Reproduce the entries that follow precisely, setting aside any images.

============================================================

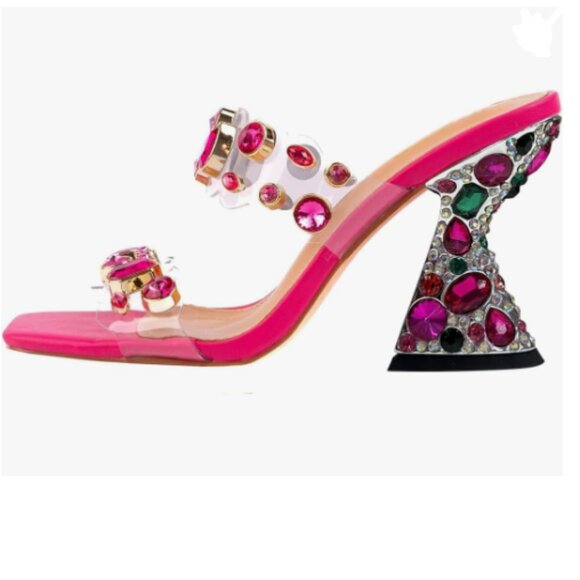 YDN Hot Pink Studded Mules Colorful Rhinestone Slippers Slip On Sandals Chunky High Heels Open Square Toe Shoes Party Prom Evening
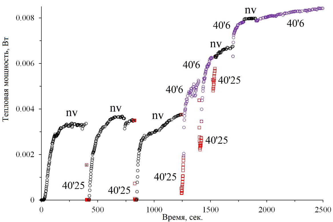 Рис. Изменение мощности в образце со временем при отсутствии и наличии вибраций. Цвет соответствует типу вибрации: отсутствие вибрации (nv) – черный цвет, возмущающие 40’6 (частота 40 Гц, амплитуда 6 м/с2) и разрушающие 40’25 (частота 40 Гц, амплитуда 25 м/с2) вибрации – фиолетовый и красный цвет, соответственно.
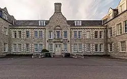 The foundation stone for the new building was laid by Alexander Bruce, 6th Lord Balfour of Burleigh in 1903.[5] It was designed by John More Dick Peddie and George Washington Browne in the Renaissance Revival style, built in rubble masonry and was officially opened on 3 October 1904.[6] The design involved a symmetrical main frontage of fifteen bays facing south towards the A9 road with the end bays projected forward as pavilions. The main frontage incorporated a three-bay central section which was slightly projected forward and featured a doorway with an architrave surmounted by a panel inscribed with the words "Let there be light". The panel was supported by brackets and flanked by obelisks. On the first floor, there was a central window flanked by Doric order pilasters supporting an entablature inscribed "MFS 1903" which was surmounted by a round headed hood mould. The inscription MFS recalled the main benefactor, Millicent Fanny Sutherland. The main frontage was fenestrated on both floors by sash windows. The end bays, which incorporated an extra storey, were fenestrated by three sash windows on the ground floor and by single sash windows on the first and second floors. At roof level, the three-bay central section was surmounted by a stepped gable with a central stack at the apex.[1] Meanwhile, Dummuie House was converted for use as the home of the headmaster of the technical school.[3]
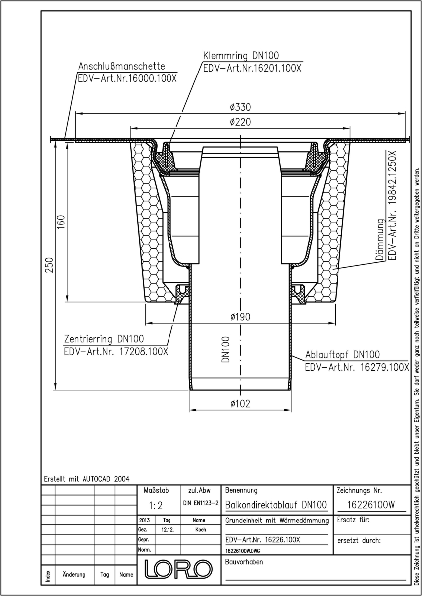 LORO-Balkondirektablauf-Grundeinheit, mit Anschlussmanschette aus Bitumen/EPDM-Verund, Serie H, nach DIN EN 1253, aus Stahl, feuerverzinkt, , langlebige Innenbeschichtung gemäß DIN EN ISO 2178 auf Basis einer 2K-Epoxid-Kombination, Farbton: Rotbraun, Auslauf senkrecht, mit Fallrohrlänge 250 mm, mit Wärmedämmung, bestehend aus Ablauftopf, Anschlussmanschette, Klemmring ohne Entwässerungsöffungen, DN 100
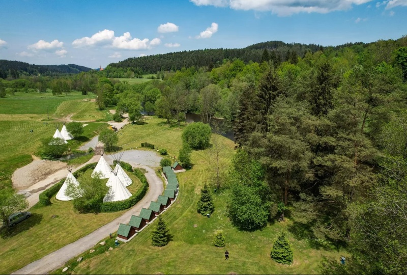 - spaní v tee-pee (8 tee-pee, každé až pro 12 osob),

============================================================

▶ Solution:
 YDN Hot Pink Studded Mules Colorful Rhinestone Slippers Slip On Sandals Chunky High Heels Open Square Toe Shoes Party Prom Evening
 Рис. Изменение мощности в образце со временем при отсутствии и наличии вибраций. Цвет соответствует типу вибрации: отсутствие вибрации (nv) – черный цвет, возмущающие 40’6 (частота 40 Гц, амплитуда 6 м/с2) и разрушающие 40’25 (частота 40 Гц, амплитуда 25 м/с2) вибрации – фиолетовый и красный цвет, соответственно.
 The foundation stone for the new building was laid by Alexander Bruce, 6th Lord Balfour of Burleigh in 1903.[5] It was designed by John More Dick Peddie and George Washington Browne in the Renaissance Revival style, built in rubble masonry and was officially opened on 3 October 1904.[6] The design involved a symmetrical main frontage of fifteen bays facing south towards the A9 road with the end bays projected forward as pavilions. The main frontage incorporated a three-bay central section which was slightly projected forward and featured a doorway with an architrave surmounted by a panel inscribed with the words "Let there be light". The panel was supported by brackets and flanked by obelisks. On the first floor, there was a central window flanked by Doric order pilasters supporting an entablature inscribed "MFS 1903" which was surmounted by a round headed hood mould. The inscription MFS recalled the main benefactor, Millicent Fanny Sutherland. The main frontage was fenestrated on both floors by sash windows. The end bays, which incorporated an extra storey, were fenestrated by three sash windows on the ground floor and by single sash windows on the first and second floors. At roof level, the three-bay central section was surmounted by a stepped gable with a central stack at the apex.[1] Meanwhile, Dummuie House was converted for use as the home of the headmaster of the technical school.[3]
 LORO-Balkondirektablauf-Grundeinheit, mit Anschlussmanschette aus Bitumen/EPDM-Verund, Serie H, nach DIN EN 1253, aus Stahl, feuerverzinkt, , langlebige Innenbeschichtung gemäß DIN EN ISO 2178 auf Basis einer 2K-Epoxid-Kombination, Farbton: Rotbraun, Auslauf senkrecht, mit Fallrohrlänge 250 mm, mit Wärmedämmung, bestehend aus Ablauftopf, Anschlussmanschette, Klemmring ohne Entwässerungsöffungen, DN 100
 - spaní v tee-pee (8 tee-pee, každé až pro 12 osob),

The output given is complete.